As Earth Wind and Fire rose when D-Nice cue’d up the epic title cut to their 1979 album “In The Stone,” band heads from Dover, Delaware to the West Coast knew what was up. And Harvey felt the vibes too.
“Every HBCU in the country know this cut right here,” Harvey yelled over the music. “This the Sonic Boom and errybody else. The FAM (U) Rattlers. Everybody. Damn Southern. Let’s go.”
While Harvey mimicked some sort of horn player, the remaining members of Earth, Wind and Fire stood up and performed though they were already three hours into an epic night of music.
The two iconic bands put on a show befitting their illustrious histories. Both bands — but particularly Earth, Wind, and Fire — have become staples of HBCU marching bands over the past 50 years. Not only upbeat cuts like “In The Stone” and “Fantasy” or deep funk like “Shining Star,” but also ballads such as “Reasons” and “After The Love Has Gone,” continue to resonate nearly 50-years after they were released.
The Isley Brothers have an even longer musical legacy, reaching back to “Shout” in the 1950s. Their heavy guitar-driven arrangements have been and remain interpolated to this very day.
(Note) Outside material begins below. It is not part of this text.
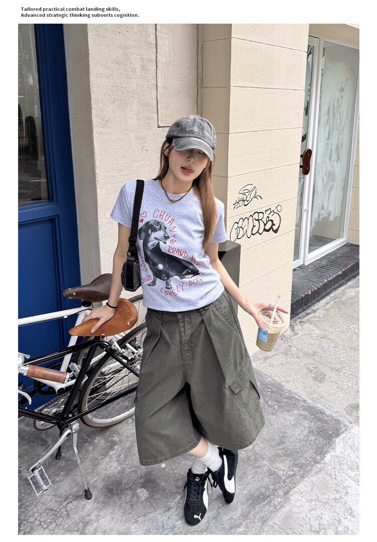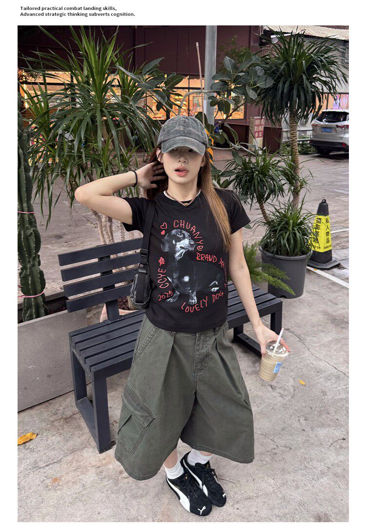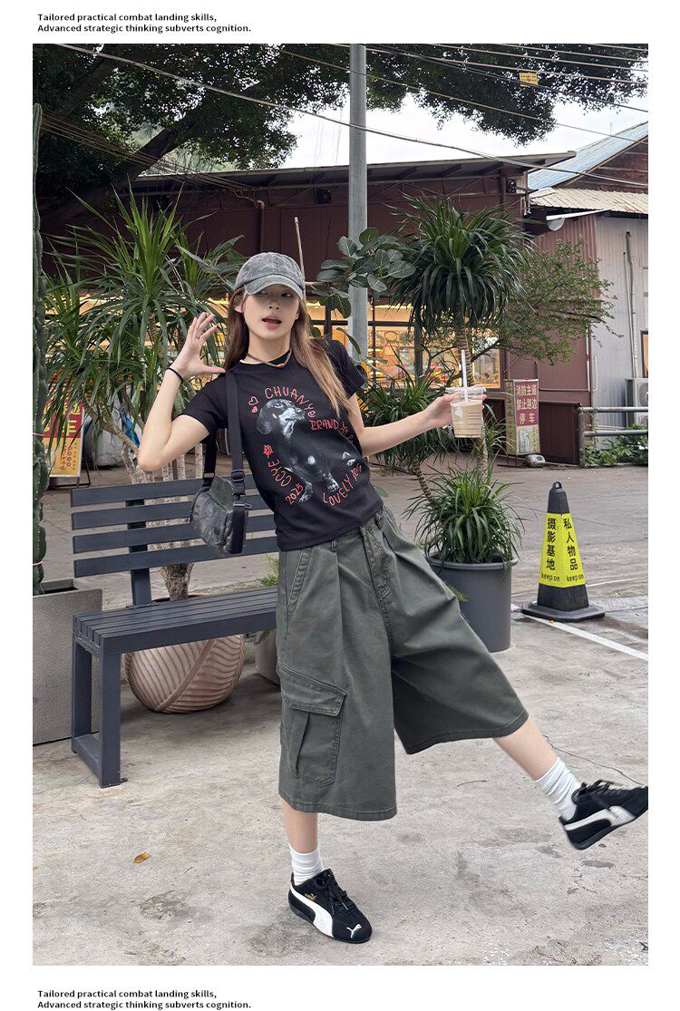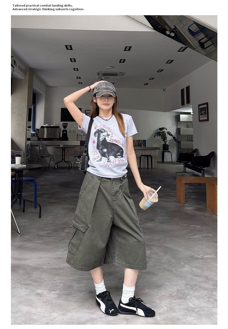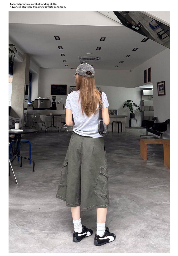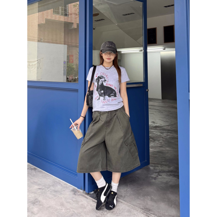 美式復古可調節腰圍工裝七分褲男女寬鬆百搭多口袋cleanfit短褲
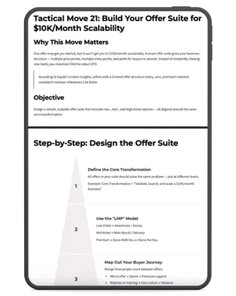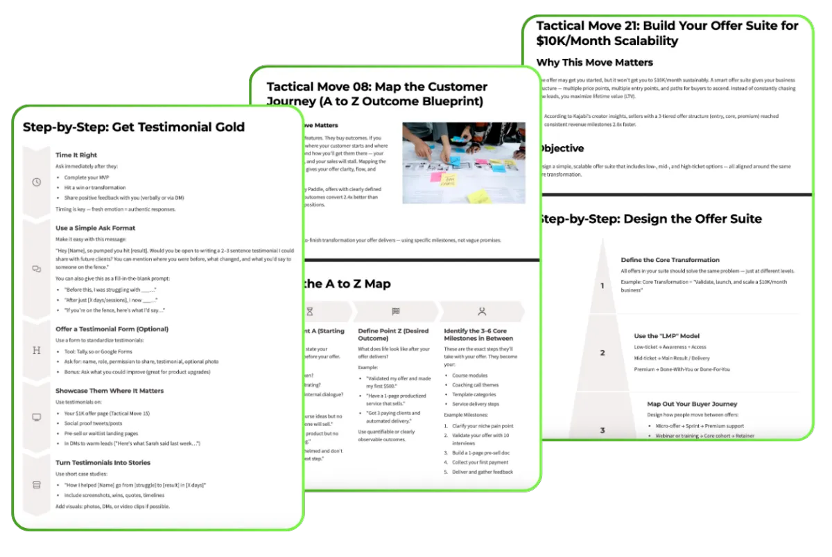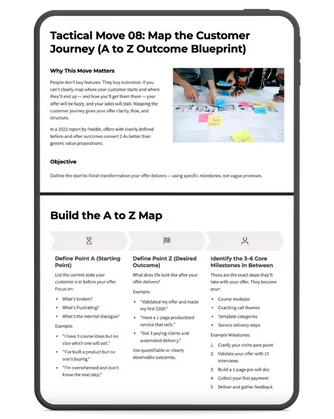 Scaling Blueprint & Monetization Map: Once you’ve launched and validated, this roadmap shows you how to build on momentum, boost conversions, and scale your offer.

Harvey earned a lot of criticism for relaying his personal memories on the broadcast. So much so that he was allegedly told during a break to stop talking so much. But he was expressing — in his own, unique way — how the music of both groups were the soundtrack to his life.
They are also the soundtrack of HBCU band life, which many of us associate with the best times in our lives. Great memories with old friends put to the tune of pompous horns and heavy drums. It’s the sound that makes homecoming special, particularly after all we’ve endured this year.
So yes, Harvey was in his uncle story-telling bag, on Sunday night. But his brief moment connecting the HBCU experience to the music of the Isley Brothers and Earth, Wind and Fire was very necessary.